About six or seven years ago, we reached a tipping point, where the kind of detail we could put into digital images matched that of film images and actual stuff you could photograph, so now it’s really increasingly difficult to see what’s been done in films. People can of course spot giant monsters running around, crazy superhero action, but the more subtle use of work in films is very difficult to spot.

We did a film for Alfonso Cuaron a few years ago, Children of Men, and that’s got hundreds of visual effects shots in it.

HUG: Did you do the in car camera shot?

PF: Yeah, exactly, that’s four different locations shot over three or four different days. There’s loads and loads of CG stitching that together.

HUG: You must find, looking back on things you’ve done previously, you must itch to go back with modern technology and tweak?

PF: Well it really depends on how good a film it is. My favourite film is the Korda brothers’ Thief of Bagdad from 1940. It’s got obvious blue screen fringes; it’s the first time a blue screen was used on a colour film in 1940. But they don’t matter to me, because the film itself has this fantastic self-consistent sense of fantasy. It’s completely seamless, as far as I’m concerned, about the way it works. Some of it looks very much of it’s time, there’s a flying genie that’s clearly a little model held in front of a cyclorama spinning behind it. It doesn’t matter, it wouldn’t improve it by doing it digitally, I don’t think.

HUG: When you describe blue screen and lighting fore-screen, you’re not talking back projection?

PF: No, an actual blue screen. They would use a photochemical process to isolate the foreground and replace the background to do that.

HUG: The shot in Inception, where everything goes zero-g. It’s seamless.

PF: That was kind of real old school stuff, because Stanley Kubrick had worked out a lot of this stuff for 2001, and one of the key things there, is the way that the set was built.

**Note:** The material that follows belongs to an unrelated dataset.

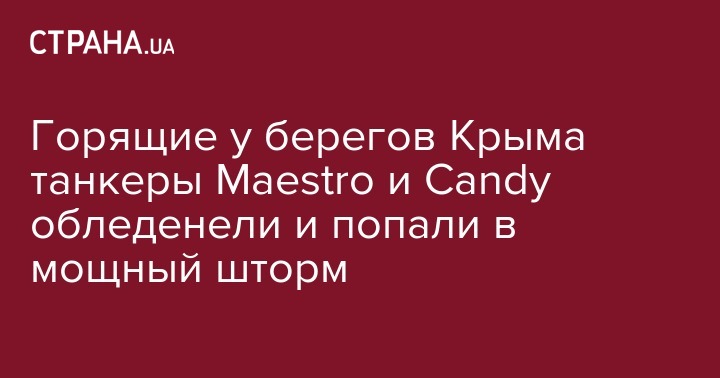 В Черном море у берегов Крыма начался шторм, в этой зоне находятся два танкера Maestro и Candy, которые продолжают гореть после взрыва газа 21 января. Об этом 8 февраля сообщает Радио Свобода со ссылкой на данные Росморречфлота.

So you’ve got the corridor set, and we had a version of it on it’s end, so the floor becomes the wall, and then the performers are dropped in on the set on wires from the far end of the set. The camera is on the floor looking up at them, so their pendulum type action, actually becomes them bouncing from walls to the floor to things, and that’s a much more convincing zero gravity look than if they’d shot it vertically, with the cameras looking sideways. The great thing also is because you’re looking up at them, the wires are behind them, so you can generally hide a lot of the wires, and then we paint out the other stuff.

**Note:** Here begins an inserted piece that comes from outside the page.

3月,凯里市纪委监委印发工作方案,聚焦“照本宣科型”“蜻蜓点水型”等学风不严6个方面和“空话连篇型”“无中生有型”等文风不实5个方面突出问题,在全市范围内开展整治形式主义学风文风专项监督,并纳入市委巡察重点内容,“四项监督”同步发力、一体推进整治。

The difference between 2001 and our film, is that 2001, because they were limited through various other techniques, it’s all very stately and sedate. With our movie, we have all of these fantastic hydraulic camera rigs and things, so we can push the camera up into the action, and follow the actors up into the set. When the corridor is rotating, the camera is actually clamped to the floor, and is running along a track that goes with the set, so it dollies back and forth, and it produces this fantastic dynamic look. Then what we do digitally, is we can fix the backgrounds, where the wires can be seen, and we can add little gags like, you know stuff coming out of the hotel trolley, and stuff floating around. Little drops of blood coming off of Ken Watanabe’s mouth and things like that. Which then helps confuse you as to which way is up, which way is down.

Ultimately, the core of it, is this, again, shooting it for real, this reserved reality. Then we make our visual effects fit in with the style of everything else that’s been done, rather than imposing something else upon it. The Special Effects and the Stunt Department did a fantastic job, Tom Struthers’ wirework was amazing, and Joseph Gordon-Levitt was incredible. He trained really hard for that; he worked out intensively with the Stunt crew for about eight weeks, and pretty much everything you see that was supposed to be Arthur, Jo’s character, that’s actually Jo, he did all of his own stunts. The Stunt crew made him a t-shirt: ‘I do all my own stunts’, because it was true.